You can have multiple files changed in some blocks and add those blocks from any file and finally stage them and get ready for the commit. Consider a web project that has some CSS and JS files. Imagine you add some paragraphs to the index file and now, you style them in the CSS file. Meanwhile, you make a function in the JS file for a contact form in your template. Simply use the git add --patch option to stage those specific blocks by answering some questions.

2.3. Commit messages

Commit Message is the point where you contact the next contributor who's going to contribute to the same line(s) at a time. Let them feel pleased when they read your message. Basically, when you want to commit the staged changes, you need to put a message on them. Each commit message has a title and a description and some metadata. The developer needs to fill out the title. However, filling out the description is an optional task. The best practice is to keep it short and sensible that other developers be able to understand your changes via reading the commit title.

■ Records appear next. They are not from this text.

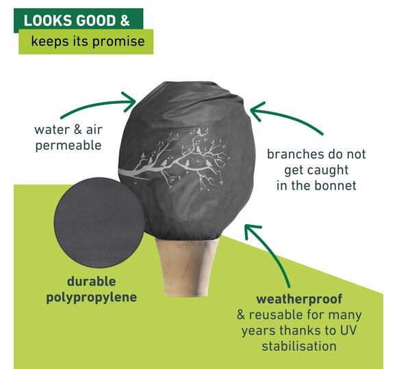 The hood is UV-stabilised, permeable to water and air and protects plants from drying out.
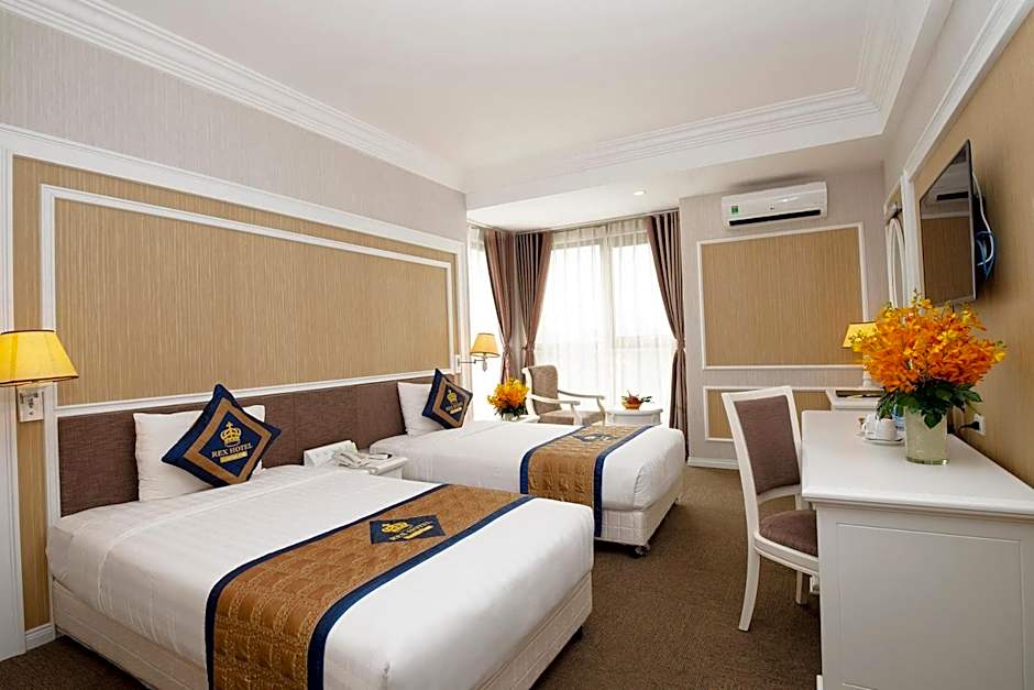 The Rex Hotel offers a variety of room types including suites, doubles, and twin rooms. All rooms have a size of 269 sqft or 538 sqft. Smoking is not allowed in any of the rooms. The rooms accommodate 2 adults and 1 child and have either 1 double bed or 2 twin beds.
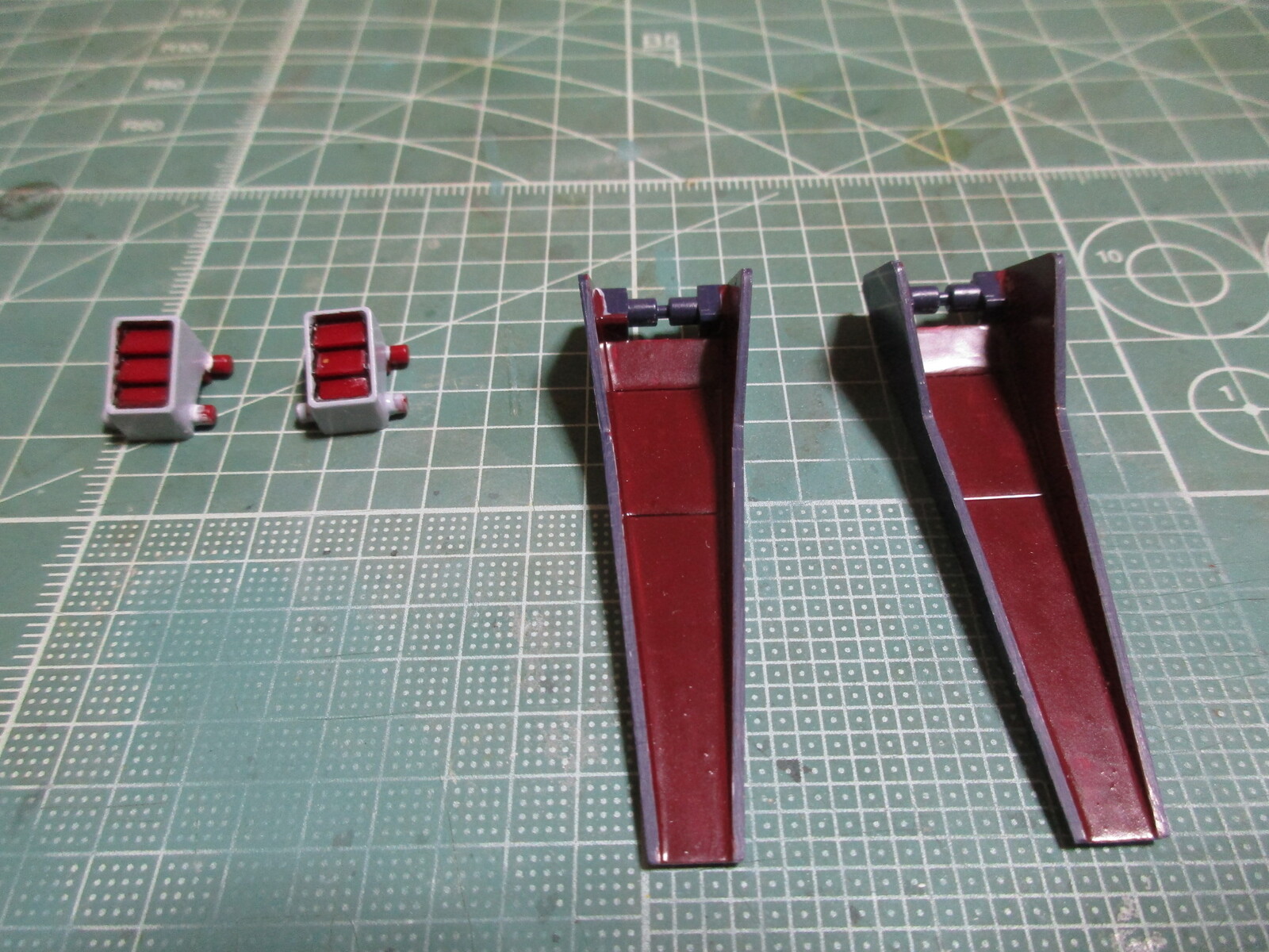 大きなパーツの方は、取説のカラーガイドを参考にして塗装しましたが、グレーの方はそれっぽい色を塗った感じです。
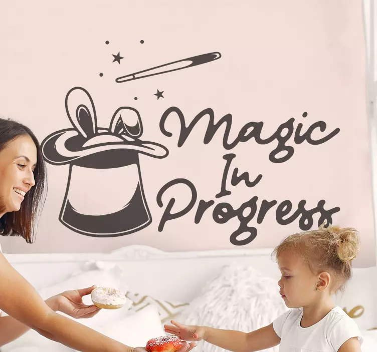 참조:: A46987별과 마법 지팡이 같은 장난기 가득한 요소로 장식된 마법 모자가 있는 매혹적인 장면으로, 창의력을 자극하기에 이상적입니다. 'Magic In Progress'라는 문구는 어린 시절 상상의 기쁨을 포착하며 기분 좋은 공간에 완벽한 기분을 더합니다.
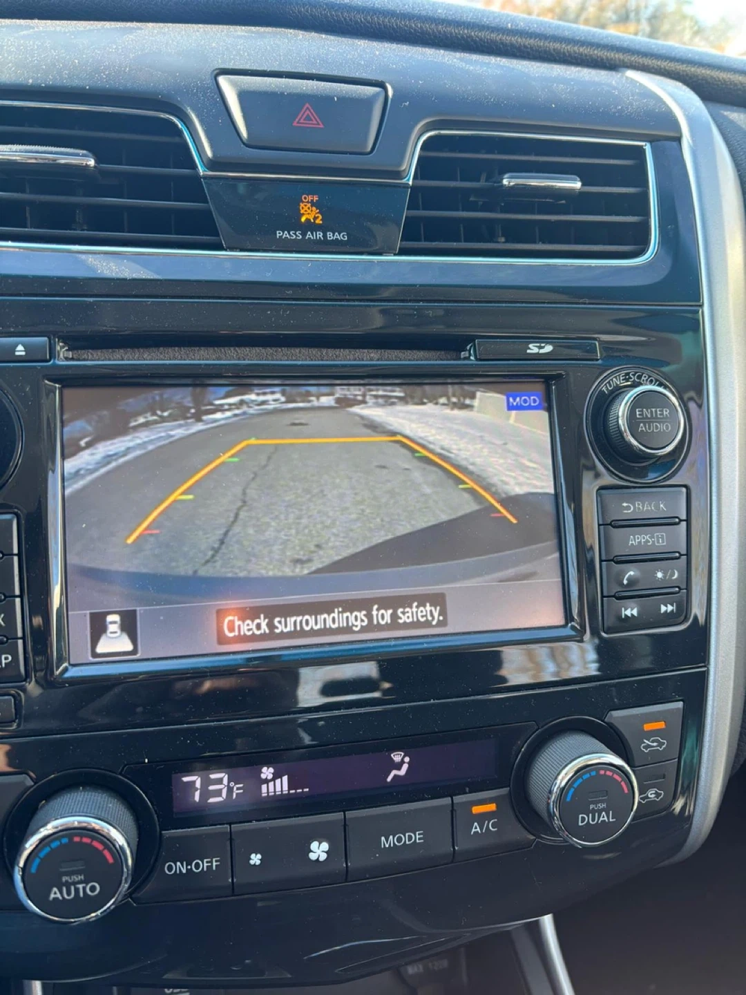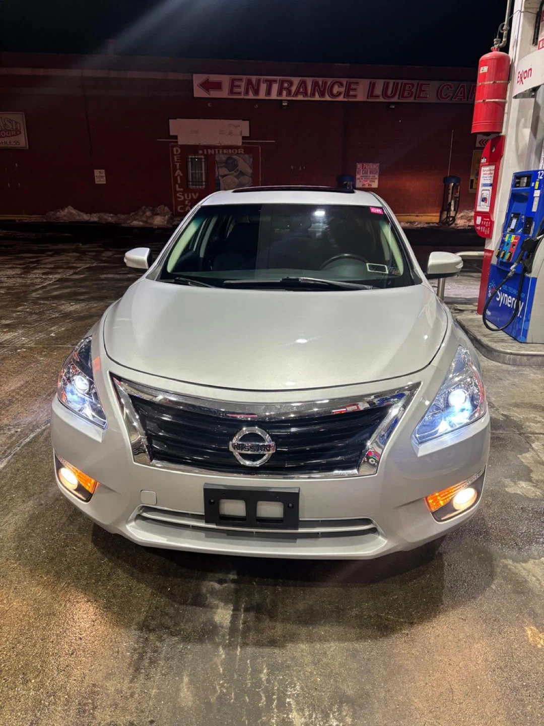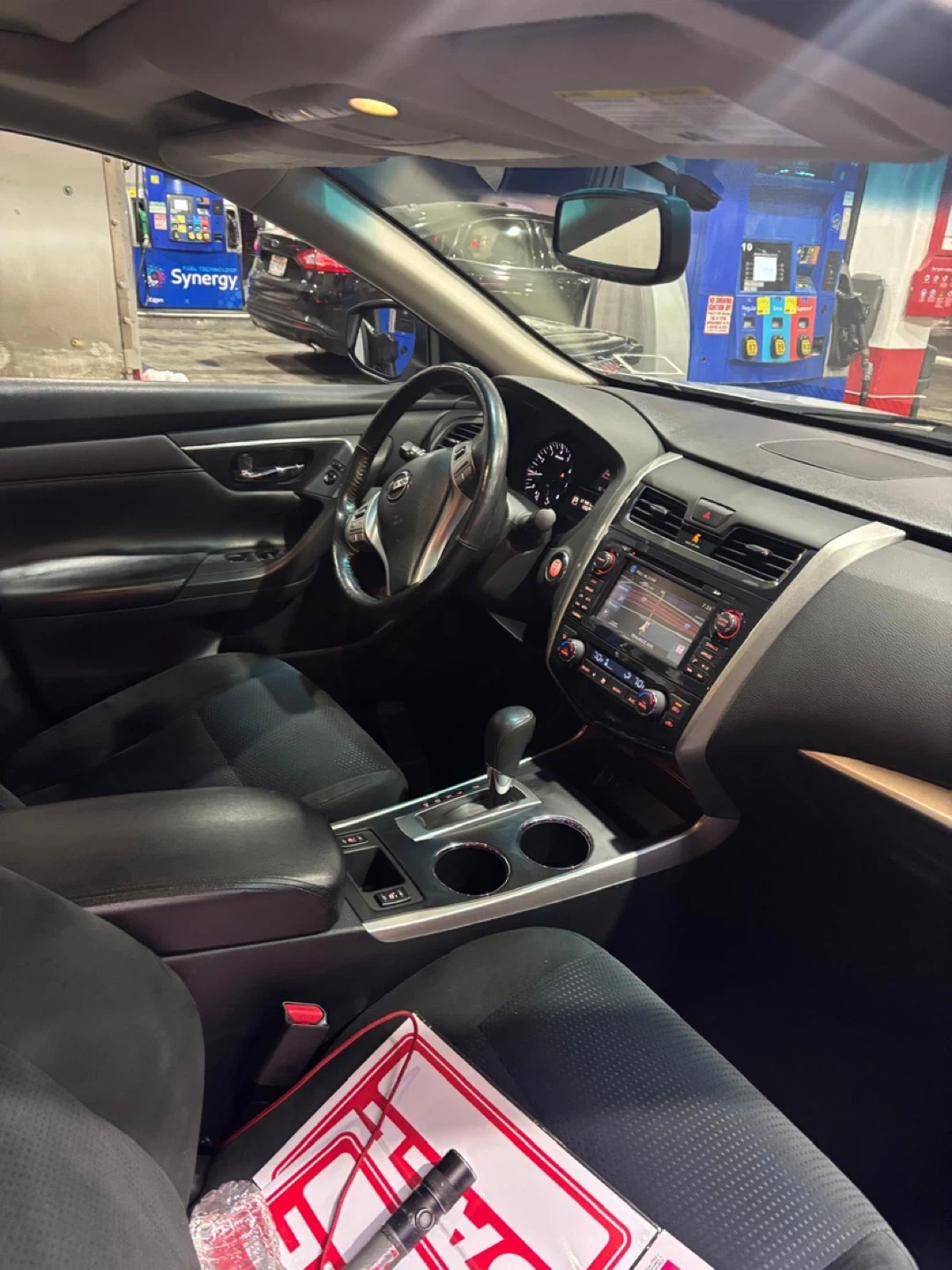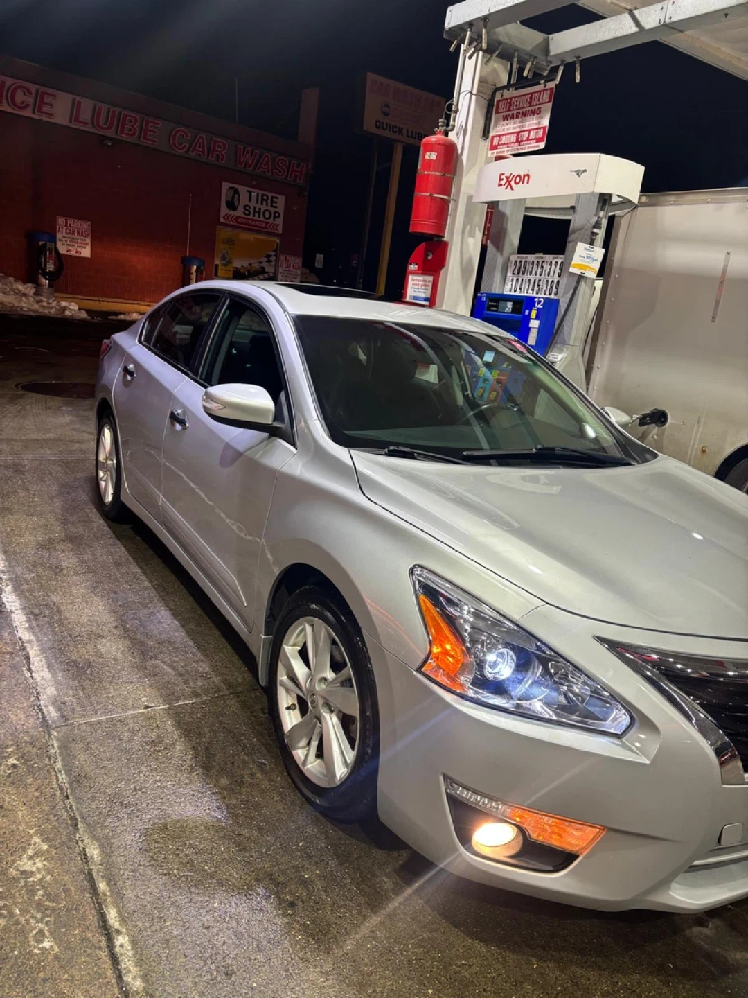 120k miles This is a Nissan Altima sedan. It's a silver four-door car with a sunroof and backup camera. The interior has black cloth seats and a touchscreen infotainment system.

2.4. Manage issues with special keywords in the commit messages

Some platforms that use Git as their repository controller such as GitHub, ran further and have special features on the Git stuff. As an example, if you use keywords Close, Closes, Closed, Fix, etc before the issue tag, once your HEAD is equal to that commit, the mentioned issue will be closed. With that said, you can simply close issues within a commit message title. Read more about this feature on GitHub.

$ git commit -m 'deprecation fixed Closes #215'

Shout out to Conor Sheehan for mentioning this feature!

2.5. Don't use emojis

I've seen some repositories have their own conventions in case of making commit messages. They actually use emojis to show the status of a commit whether it's a Bugfix or Test or whatever kind of commit.

I personally avoid using emojis in my commit messages. You may have contributors from different platforms and interfaces. Since emojis use special ASCII codes (not commonly used and supported in the text-based interfaces like CLIs) and Unicode systems and most command-line interfaces need a third-party package or font to handle them, this convention might not look good to everyone. They might face some issues in terms of reading histories and checking the commit messages. (Like the emoji character in the message title might be rendered as its actual ASCII code or unknown question marks)

image.png

In this case, the best practice is to use a prefix pattern to show the category of the commit like a word in a bracket at the beginning of the file. The following image uses the type: message convention by the way.

image.png

2.6. Message description

If you stage your changes and open the text editor once you want to commit your changes to submit a message, you can actually add some more information about the commit itself like necessities, bugs, TODOs (maybe), and so on. The title section is still the most important part of the commit message. In spite the description section is optional, feel free to write descriptions for your commits. If your changes are a bit complex that needs more explanations, you can write more about the different aspects of your changes in the description section.

image.png

Finally, we can simply say that if you keep your commits simple and short as well as your commit messages, you'll almost hit the target.

3. Different Git Conventions

Git doesn't make conventions at all. Conventions are designed by companies and teams. A team may find emojis so useful in their platform but the other one wants to keep it simple stupid. A team might push directly to the main branch (also known as the single-branch convention) but the other team has a development branch and only pushes the release commits to the main branch. If you're working somewhere where their conventions might not look good to you, you better follow them. The time you spend on changing their minds would probably help you to fix some bugs.

Conclusion

In this article, we discover some basic git commit conventions and best practices. We talked about the pros and cons of each practice and finally, figured out that Git is not responsible for conventions and they are made by companies and startups.